Information and user interface components must be presentable to users in ways they can perceive. This principle covers text alternatives, time-based media, adaptable content, and distinguishable presentation.
Guideline 1.1: Text Alternatives
1.1.1 Non-text Content Level A
All non-text content presented to the user must have a text alternative that serves the equivalent purpose. This primarily means images need descriptive alt attributes. Crucible Scan checks for missing, empty, and suspicious alt text (e.g., filenames used as descriptions).
How to fix: Add meaningful alt text to every informational image. For decorative images, use an empty alt attribute (alt=""). For complex images like charts, provide a longer description nearby or via aria-describedby.
Guideline 1.2: Time-Based Media
1.2.1 Audio/Video-only (Prerecorded) Level A
Prerecorded audio-only and video-only content must have alternatives — a transcript for audio, a text description or audio track for video.
1.2.2 Captions (Prerecorded) Level A
All prerecorded audio in synchronized media must have captions.
1.2.3 Audio Description or Alternative Level A
An alternative for time-based media or audio description must be provided for prerecorded video.
1.2.4 Captions (Live) Level AA
Live audio content in synchronized media must have captions.
1.2.5 Audio Description (Prerecorded) Level AA
Audio description must be provided for all prerecorded video content.
Guideline 1.3: Adaptable
1.3.1 Info and Relationships Level A
Information, structure, and relationships conveyed through presentation must be programmatically determinable. Crucible Scan checks heading hierarchy, table structure, form label associations, and list markup.
How to fix: Use semantic HTML — proper heading levels, <label> elements for forms, <th> for table headers, and <ul>/<ol> for lists.
1.3.2 Meaningful Sequence Level A
Content reading sequence must be programmatically determinable when it affects meaning.
1.3.3 Sensory Characteristics Level A
Instructions must not rely solely on shape, color, size, visual location, orientation, or sound.
1.3.4 Orientation Level AA
Content must not restrict its view to a single display orientation unless essential.
1.3.5 Identify Input Purpose Level AA
The purpose of input fields collecting user information must be programmatically determinable.
Guideline 1.4: Distinguishable
1.4.1 Use of Color Level A
Color must not be the only visual means of conveying information, indicating an action, prompting a response, or distinguishing a visual element.

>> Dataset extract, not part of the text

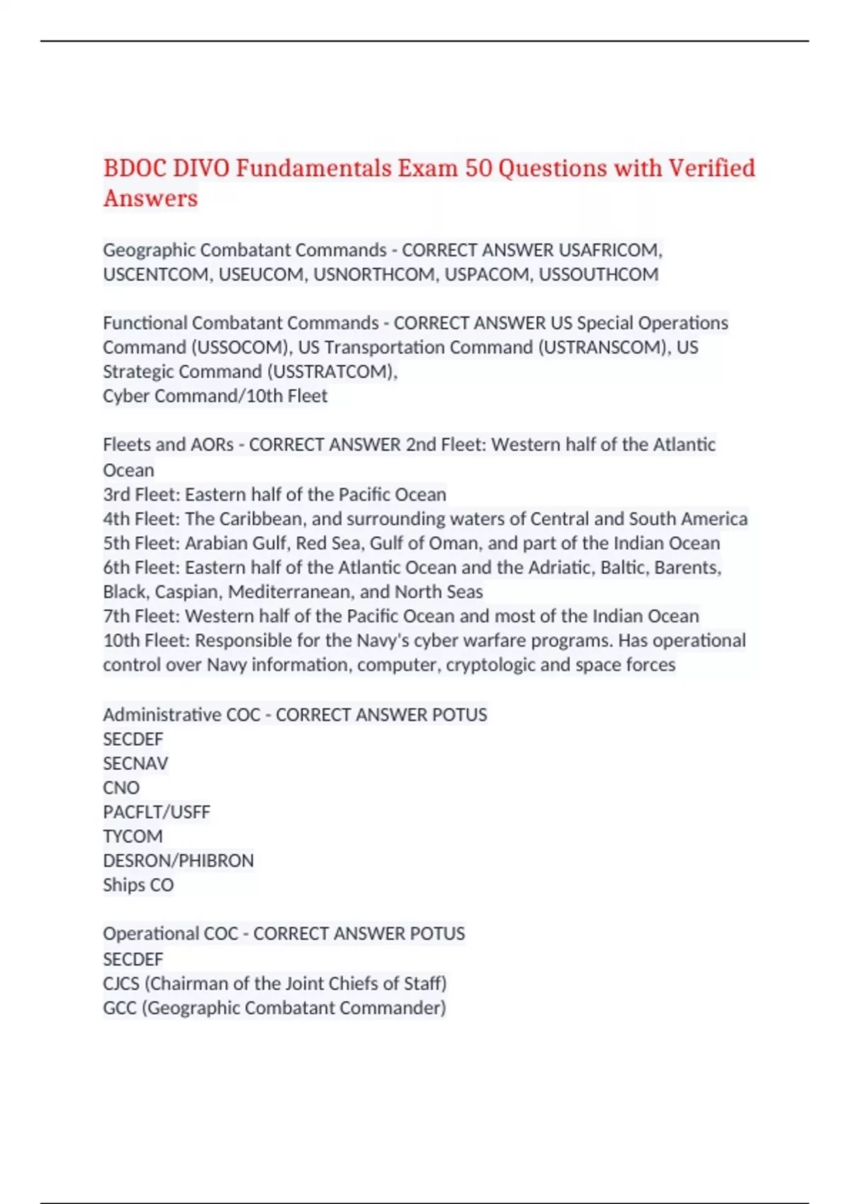 BDOC DIVO Fundamentals Exam 50 Questions with Verified Answers Geographic Combatant Commands - CORRECT ANSWER USAFRICOM, USCENTCOM, USEUCOM, USNORTHCOM, USPACOM, USSOUTHCOM Functional Combatant Commands - CORRECT ANSWER US Special Operations Command (USSOCOM), US Transportation Command (USTRANSCOM), US Strategic Command (USSTRATCOM), Cyber Command/10th Fleet Fleets and AORs - CORRECT ANSWER 2nd Fleet: Western half of the Atlantic Ocean 3rd Fleet: Eastern half of the Pacific Ocean 4th Fleet: The Caribbean, and surrounding waters of Central and South America 5th Fleet: Arabian Gulf, Red Sea, Gulf of Oman, and part of the Indian Ocean 6th Fleet: Eastern half of the Atlantic Ocean and the Adriatic, Baltic, Barents, Black, Caspian, Mediterranean, and North Seas 7th Fleet: Western half of the Pacific Ocean and most of the Indian Ocean 10th Fleet: Responsible for the Navy's cyber warfare programs. Has operational control over Navy information, computer, cryptologic and space forces Administrative COC - CORRECT ANSWER POTUS SECDEF SECNAV CNO PACFLT/USFF TYCOM DESRON/PHIBRON Ships CO Operational COC - CORRECT ANSWER POTUS SECDEF CJCS (Chairman of the Joint Chiefs of Staff) GCC (Geographic Combatant Commander) NCC (Navy Component Commander) NFC (Numbered Fleet Commander) CSG/ESG DESRON/PHIBRON Ships CO DIVO Responsibilities - CORRECT ANSWER -Supervise the performance of the work within the division carrying out the shipboard maintenance and material management. -Schedule and conduct training for division personnel. - By personal supervision and frequent inspection, ensure that spaces, equipment, and supplies assigned to the division are maintained. - Promptly reports to department head repairs which may be required or other defects which need correction. -Assigns personnel to watches and duties within division and develop rotation programs. -Maintains a Division notebook -Responsible for all administration for the division -Ensures damage control equipment, fittings, and check-off lists is assigned. Definition of Deadly Force - CORRECT ANSWER "The force that a person uses causing, or that a person knows or should know that would create a substantial risk of causing death or serious bodily harm. " Serious Bodily Harm - CORRECT ANSWER Does not include black eyes, bloody nose or minor injuries, but does include fractured or dislocated bones, deep cuts, torn members of the body, serious damage to the internal organs and other life-threatening injuries. Deadly Force Triangle - CORRECT ANSWER Capability Opportunity Intent Deadly Force Continuum - CORRECT ANSWER Level-1: Presence Level-2: Verbal Commands Level-3: Soft Control (Restraining/Detaining) Level-4: Hard Control (Compliance Techniques) Level-5: Non-Lethal Force Level-6: Deadly Force Deadly Force Conditions - CORRECT ANSWER Inherent Right of Self-Defense. Defense of Others. Assets Vital to National Security. Inherently Dangerous Property. National Critical Infrastructure. Public Health or Safety. Escape. Arrest or Apprehension. Defending against animals. Responsibilites of OOD - CORRECT ANSWER Supervise Inspect Control Notify Report Log Role of ATTWO - CORRECT ANSWER Tactically employs command assets to defend the unit against terrorist attack when in port When in port at a U.S. Navy installation, coordinate integration of waterborne and shore side Anti-Terrorism Force Protection (ATFP) assets into installation security forces Chief of the Guard and other watchstanders (i.e. security boats) report to the ATTWO ATTWO reports to the Command Duty Officer (CDO) Similar in function to Tactical Action Officer Monitor nets used by watchstanders to ensure proper use: No Obscene and profane language No Superfluous, false, or deceptive communications or signals Transmission not within station limits or by unauthorized stations Transmission by unauthorized operators ISP (In-Port Security Plan) - CORRECT ANSWER Developed prior to entering any foreign port and depending on current Fleet Commander requirements Supplement standing ATFP plans with specific event-specific procedures relevant to your ship Importance of Decklog - CORRECT ANSWER Contains a chronological record of events that occurred during the watch Serves as the historical and legal record for the ship and contains unclassified information The Petty Officer of the Watch maintains log, but OOD has overall responsibility for it and signs it after each watch Entries must be legible and written IAW Preparing, Maintaining, and Submitting the Ship's Deck Log, OPNAVINST 3100.7 How to ring someone onboard/ashore and passing honors - CORRECT ANSWER Sound the bells in groups of two 4 for O-5. O-6 6 for O-7, O-8 8 for O-9, O-10 Passing honors underway Signals for actions for passing honors are: One Blast: attention to starboard Two Blasts: attention to port One blast: hand salute Two blasts: end salute Three blasts: carry on PESTO - CORRECT ANSWER Personnel- FLTMPS/RADM Equipment- MFOM Supply- RSUPPLY Training- TFOM/TORIS Ordinance- OIS Types of Casreps and categories - CORRECT ANSWER Initial - (NLT) 24 hours after the casualty occurs and cannot be corrected within 48 hours Update - Changes to information submitted on initial or previous updates Correction - Report the repair of previously CASREP'd equipment. CASCORs will be submitted as soon as possible after equipment is repaired and in operational condition. Cancellation - Submitted as soon as it is determined that casualty will not be fixed by routine means CAT 2 - Minor degradation in primary mission - Major degradation or total loss of secondary mission - Transmitted Priority (P) Precedence - Updates must be submitted every 30 days CAT 3 - Major degradation in primary or secondary - Transmitted Immediate (O) Precedence - Updates must be submitted every 10 days CAT 4 - Total loss of primary mission - Transmitted Immediate (O) Precedence - Updates must be submitted every 72 hours What website do we use to look up schools - CORRECT ANSWER CANTRAC - Catalo

1.4.2 Audio Control Level A
If audio plays automatically for more than 3 seconds, a mechanism must be available to pause, stop, or control volume.
1.4.3 Contrast (Minimum) Level AA
Text and images of text must have a contrast ratio of at least 4.5:1 (3:1 for large text). Crucible Scan automatically calculates contrast ratios for text elements.
How to fix: Adjust text color, background color, or both to meet the minimum ratio. Use a contrast checker tool to verify.
1.4.4 Resize Text Level AA
Text must be resizable up to 200% without assistive technology and without loss of content or functionality.
1.4.5 Images of Text Level AA
Text should be used to convey information rather than images of text, unless essential. Crucible Scan detects common image-of-text patterns.
1.4.10 Reflow Level AA
Content must be presentable without two-dimensional scrolling at 320 CSS pixels wide.
1.4.11 Non-text Contrast Level AA
UI components and graphical objects must have a contrast ratio of at least 3:1 against adjacent colors.
1.4.12 Text Spacing Level AA
No loss of content or functionality when text spacing is adjusted (line height, letter spacing, word spacing, paragraph spacing).
1.4.13 Content on Hover or Focus Level AA
Additional content triggered by hover or focus must be dismissible, hoverable, and persistent.